EXERCISE DETAILS
Word for word, reproduce the listing that follows, excluding any pictures it contains.

####

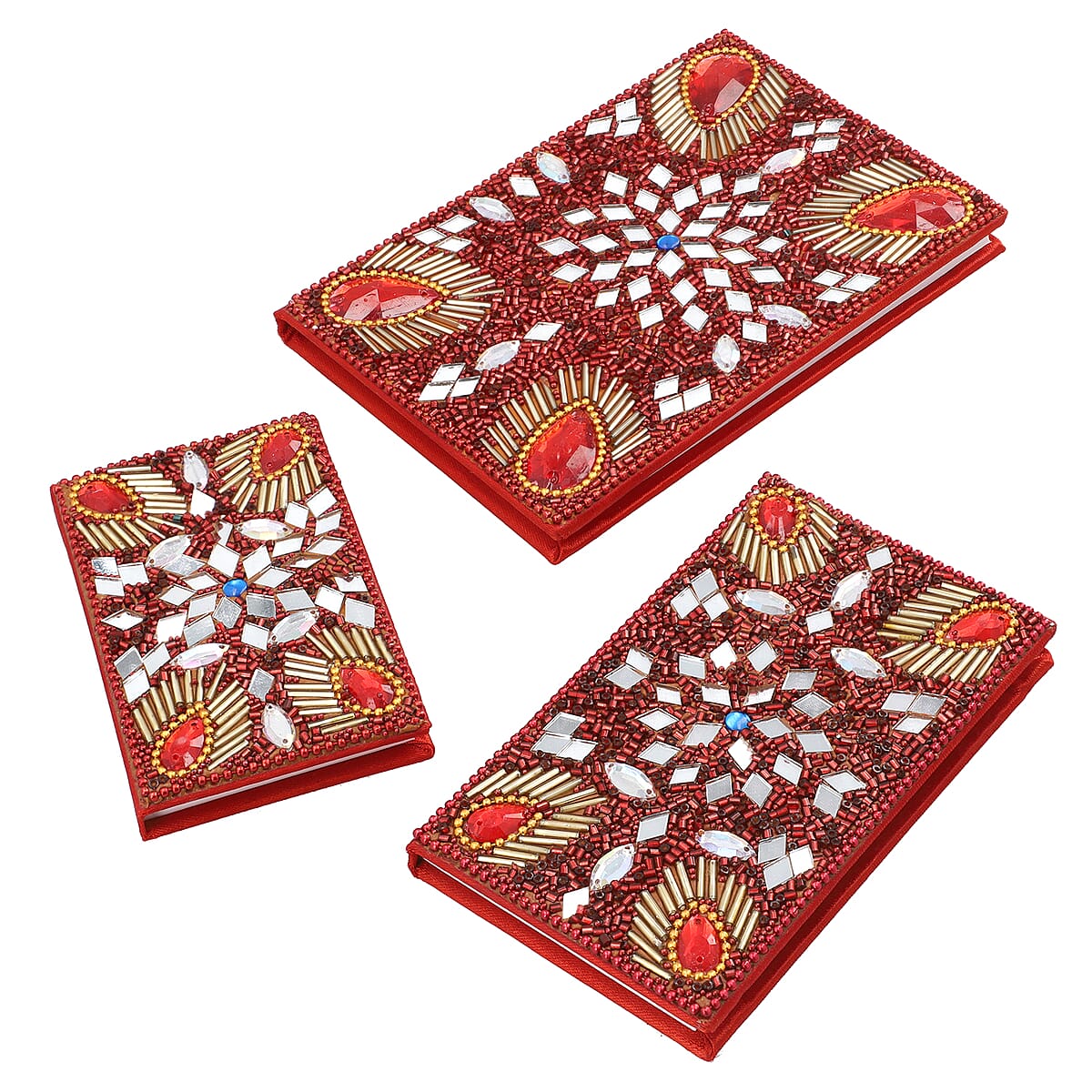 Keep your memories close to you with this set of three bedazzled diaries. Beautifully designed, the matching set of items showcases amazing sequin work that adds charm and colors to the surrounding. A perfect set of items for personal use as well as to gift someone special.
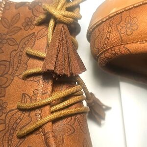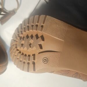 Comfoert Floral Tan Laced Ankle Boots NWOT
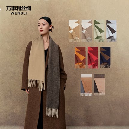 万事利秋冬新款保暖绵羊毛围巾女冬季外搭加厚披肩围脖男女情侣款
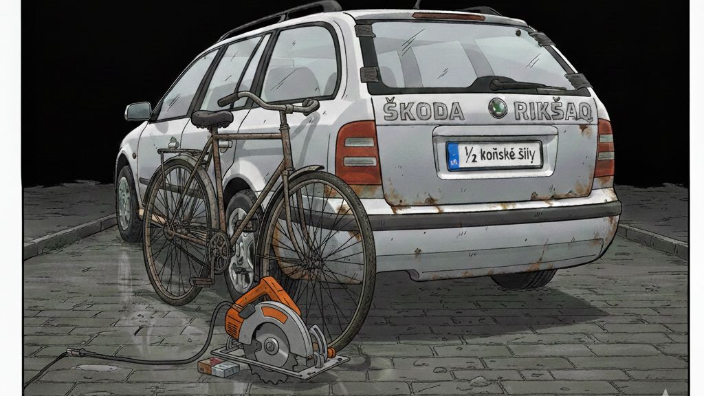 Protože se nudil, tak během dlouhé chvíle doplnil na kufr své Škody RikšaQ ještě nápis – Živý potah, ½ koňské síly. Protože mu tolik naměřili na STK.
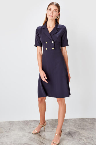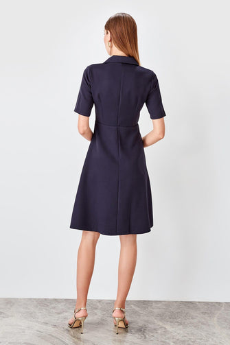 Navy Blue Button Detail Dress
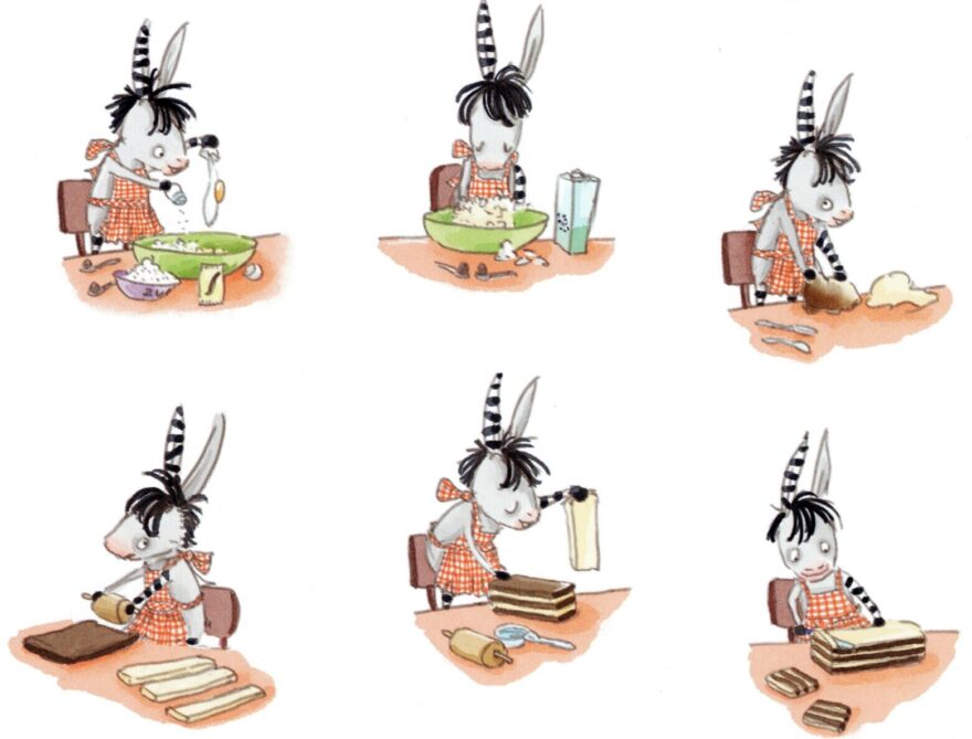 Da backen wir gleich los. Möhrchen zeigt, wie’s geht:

####

TASK RESULT
 Keep your memories close to you with this set of three bedazzled diaries. Beautifully designed, the matching set of items showcases amazing sequin work that adds charm and colors to the surrounding. A perfect set of items for personal use as well as to gift someone special.
 Comfoert Floral Tan Laced Ankle Boots NWOT
 万事利秋冬新款保暖绵羊毛围巾女冬季外搭加厚披肩围脖男女情侣款
 Protože se nudil, tak během dlouhé chvíle doplnil na kufr své Škody RikšaQ ještě nápis – Živý potah, ½ koňské síly. Protože mu tolik naměřili na STK.
 Navy Blue Button Detail Dress
 Da backen wir gleich los. Möhrchen zeigt, wie’s geht:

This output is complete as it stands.